WORK REQUIRED
For the data below, restate word for word only the lines from the line containing "A fascinating macro" through the line containing "Doch zuvor hieß", both ends included.

══ EXERCISE MATERIALS

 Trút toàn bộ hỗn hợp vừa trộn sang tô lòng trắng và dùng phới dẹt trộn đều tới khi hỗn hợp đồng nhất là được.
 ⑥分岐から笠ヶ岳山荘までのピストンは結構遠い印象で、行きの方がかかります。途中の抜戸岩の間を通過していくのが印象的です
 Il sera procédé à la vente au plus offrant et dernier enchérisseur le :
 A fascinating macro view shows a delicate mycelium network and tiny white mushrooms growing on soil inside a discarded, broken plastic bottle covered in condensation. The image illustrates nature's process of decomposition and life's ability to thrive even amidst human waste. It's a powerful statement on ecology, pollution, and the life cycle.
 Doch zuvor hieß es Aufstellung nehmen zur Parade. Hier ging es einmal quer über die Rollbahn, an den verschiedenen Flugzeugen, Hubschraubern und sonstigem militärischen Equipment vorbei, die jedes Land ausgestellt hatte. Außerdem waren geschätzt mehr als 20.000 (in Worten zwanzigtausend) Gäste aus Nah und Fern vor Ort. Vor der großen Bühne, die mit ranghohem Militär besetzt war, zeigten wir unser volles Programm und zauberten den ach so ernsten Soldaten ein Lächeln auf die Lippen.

════
══ EXERCISE MATERIALS

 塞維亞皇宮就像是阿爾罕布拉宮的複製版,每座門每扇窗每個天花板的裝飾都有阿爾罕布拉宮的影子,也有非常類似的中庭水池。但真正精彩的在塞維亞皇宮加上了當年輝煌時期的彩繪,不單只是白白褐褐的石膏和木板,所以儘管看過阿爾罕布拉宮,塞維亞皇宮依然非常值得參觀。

════

EXERCISE OUTPUT
 A fascinating macro view shows a delicate mycelium network and tiny white mushrooms growing on soil inside a discarded, broken plastic bottle covered in condensation. The image illustrates nature's process of decomposition and life's ability to thrive even amidst human waste. It's a powerful statement on ecology, pollution, and the life cycle.
 Doch zuvor hieß es Aufstellung nehmen zur Parade. Hier ging es einmal quer über die Rollbahn, an den verschiedenen Flugzeugen, Hubschraubern und sonstigem militärischen Equipment vorbei, die jedes Land ausgestellt hatte. Außerdem waren geschätzt mehr als 20.000 (in Worten zwanzigtausend) Gäste aus Nah und Fern vor Ort. Vor der großen Bühne, die mit ranghohem Militär besetzt war, zeigten wir unser volles Programm und zauberten den ach so ernsten Soldaten ein Lächeln auf die Lippen.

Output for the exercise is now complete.